Thu. 8:45 a.m.: Kremlin denounces new U.S. sanctions against Russia
WASHINGTON (AP) — The Kremlin has denounced new U.S. sanctions against Russia over the poisoning of an ex-Russian spy as a breach of international law.
President Vladimir Putin’s spokesman, Dmitry Peskov, said today that “the restrictions are absolutely unlawful and don’t conform to international law.”
The State Department said Wednesday the U.S. made the determination that Russia had used the Novichok nerve agent to poison former Russian intelligence officer Sergei Skripal and his daughter, Yulia, and that sanctions would follow later this month.
Peskov reaffirmed Moscow’s strong denial of involvement in the poisoning, saying that “there can’t be any talk about Russia having any relation to the use of chemical weapons.”
He added that Britain has failed to present any evidence to back the claim and stonewalled Russia’s proposal for a joint probe.
Britain blamed Russia for the March attack soon after in occurred, prompting Western nations, including the United States, to expel scores of Russian diplomats. Russia retaliated with similar expulsions.
British Prime Minister Theresa May welcomed the U.S. Decision. May’s Downing Street office issued a statement today saying the move sends “an unequivocal message to Russia that its provocative, reckless behavior will not go unchallenged.”
Konstantin Kosachev, the chairman of the foreign affairs committee in the upper house of the Russian parliament, said today that the U.S. has behaved like a “police state, threatening and torturing a suspect to get evidence.”
Kosachev argued that the new sanctions amount to “inflicting a punishment in the absence of a crime in the tradition of lynch law.”
The State Department said Wednesday the U.S. made the determination this week that Russia had used the Novichok nerve agent to poison Skripal and his daughter, and that sanctions would follow.
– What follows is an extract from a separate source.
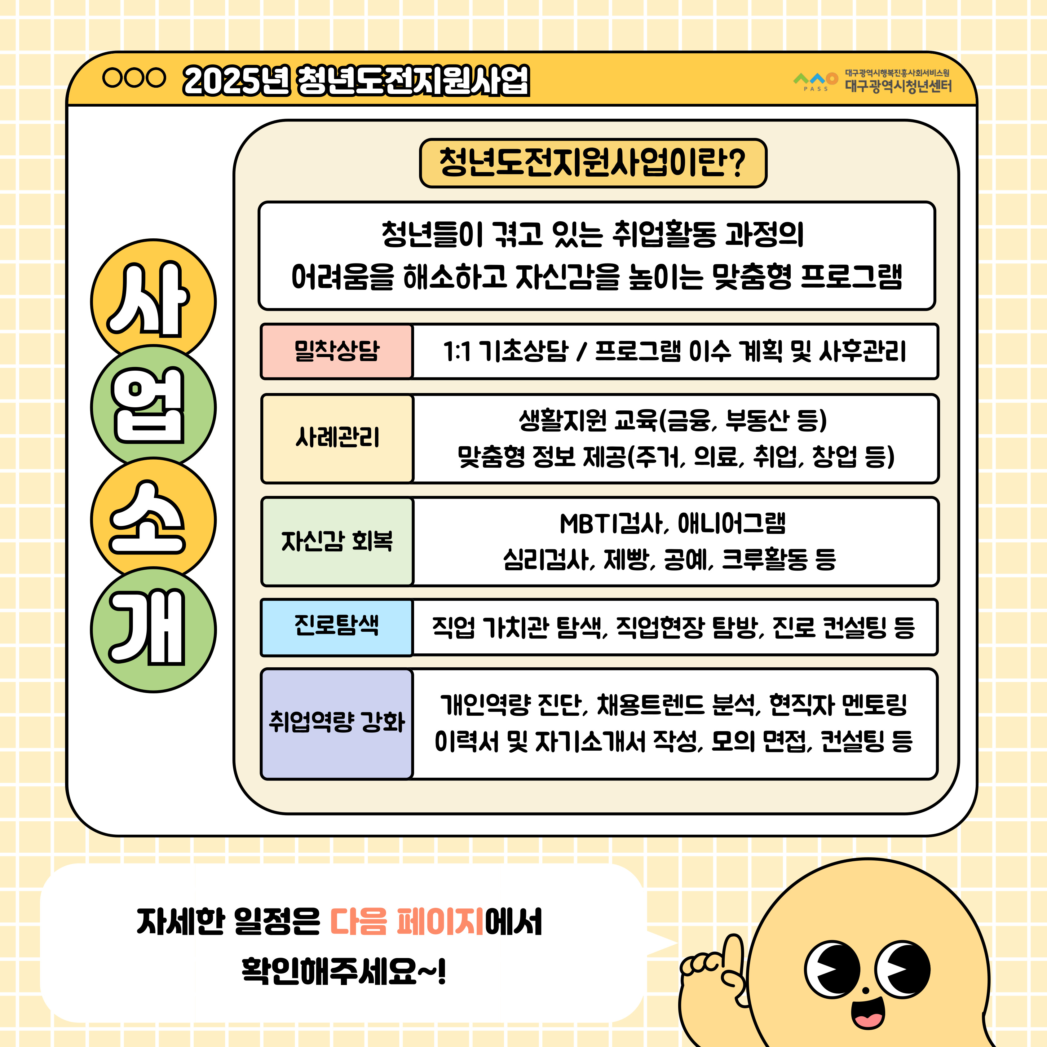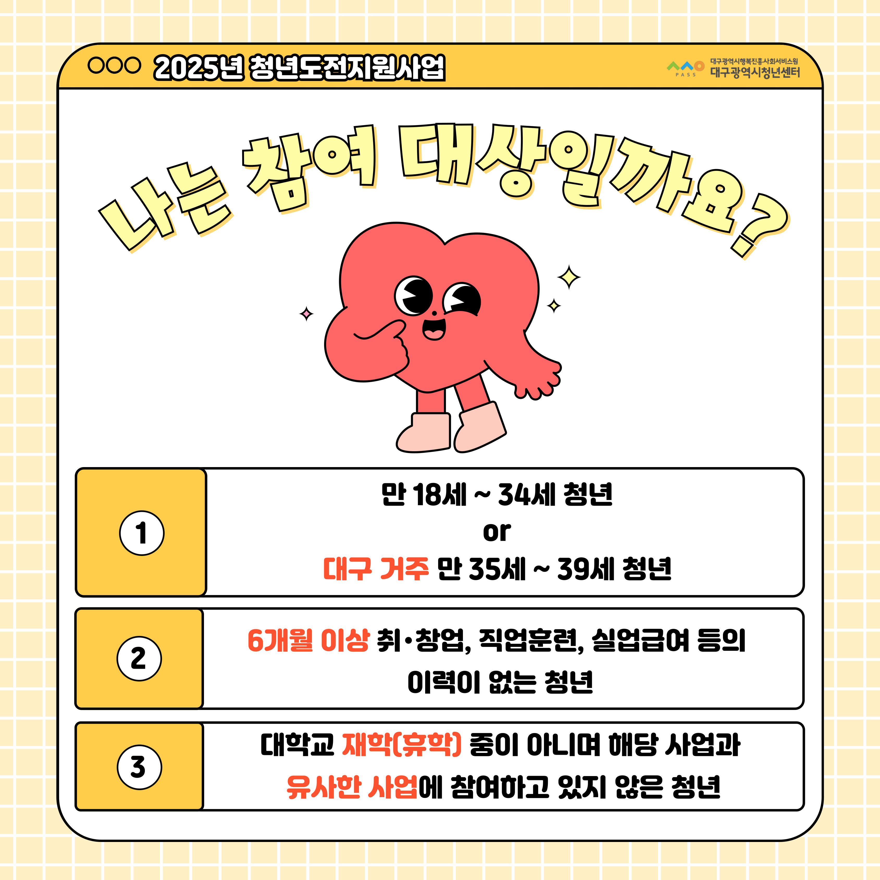 [ 공모/지원사업 ] 2025 청년도전지원사업 젊핑 사전안내작성자 : 대구청년센터 작성일 : 25-02-13 대구광역시청년센터

It said Congress is being notified and that the sanctions would take effect on or around Aug. 22, when the finding is to be published in the Federal Register.
Those sanctions will include the presumed denial of export licenses for Russia to purchase many items with national security implications, according to a senior State Department official who briefed reporters on condition of anonymity as he was not authorized to do so by name.
The U.S. made a similar determination in February when it found that North Korea used a chemical weapon to assassinate North Korean leader Kim Jong Un’s half brother at the airport in Kuala Lumpur, Malaysia, in 2017.
Skripal and his daughter were poisoned by the military-grade nerve agent in the English city of Salisbury in March. Both eventually recovered. Months later, two residents of a nearby town with no ties to Russia were also poisoned by the deadly toxin. Police believe the couple accidentally found a bottle containing Novichok. One of them died.